Legendary impresario Bill Graham began in January 1966 to commission posters to promote the concerts he was putting on at San Francisco's Fillmore Auditorium. The poster artists created vivid, irreverent banners that reflected their own sense of poetics, style, and wit. What resulted were signature juxtapositions of design, lettering, and color that represented a brand-new art form. These posters now occupy a place in art history while surviving as treasured artifacts of rock archaeology. Published in cooperation with Bill Graham Presents, The Art of the Fillmore reunites for the first time in a single volume the original Bill Graham posters created exclusively for the San Francisco and New York Fillmore dance concerts. Indexes cross-reference the posters with the bands they advertised and the poster artists who created them.

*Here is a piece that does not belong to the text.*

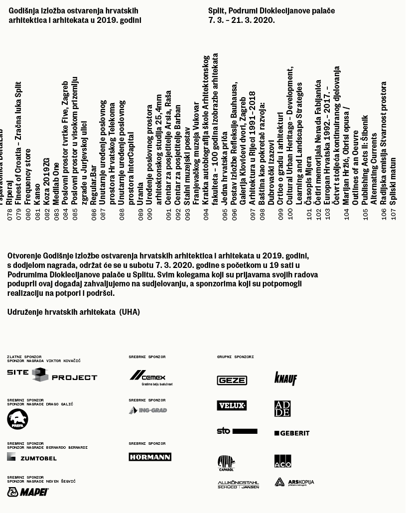 Pozivamo vas na Godišnju izložbu ostvarenja hrvatskih arhitektica i arhitekata u 2019. godini te dodjela nagrada Udruženja hrvatskih arhitekata (UHA). Godišnja izložba realizira se u suradnji s Društvom arhitekata Splita (DAS).
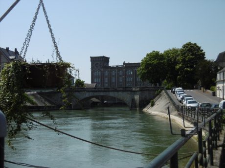 Dans les rues je remarque de belles maisons à pans de bois. D’autres sont en brique ou brique et meulières. Les bords de Seine sont agréables; je remarque un bateau-lavoir vert, qui est une véritable blanchisserie. Un grand moulin enjambe la Seine : c’est le moulin Sassot construit au 19ème siècle détruit puis reconstruit en 1908, maintenant le Siège de l’entreprise Soufflet qui est justement une très grosse entreprise en minoterie et de malterie. Cette construction de brique ressemble un peu à la chocolaterie Menier de Noisiel. Nous aurions dû arriver plus tôt pour prendre notre temps de nous promener dans cette ville charmante, chercher peut être la Maison de Camille Claudel et celle où Flaubert est venu en villégiature.

I found this book in the Oakland Public Library when my kids had to be there for a couple hours doing homework while we were on vacation. To say that I was delighted is a pretty strong understatement. My special interest in life is the history of the Fillmore/San Francisco in the 60s/psychedelic art, so this was damn near one of the best books I’ve ever encountered. There was a lot of detail so I couldn’t absorb everything in just a few hours, but I did learn a lot and peruse all the posters. I hope to find it again one day and take an even deeper dive.
I didn't really read this cover to cover, but I gave the posters a good ogle. It's very enjoyable if you're into 60s art, although there's so much (and it's so detail-dense) that it's hard to absorb in just a couple of sittings. The writing definitely tends toward that gushy good-old-days reminiscing that aging hippies seem to be prone to.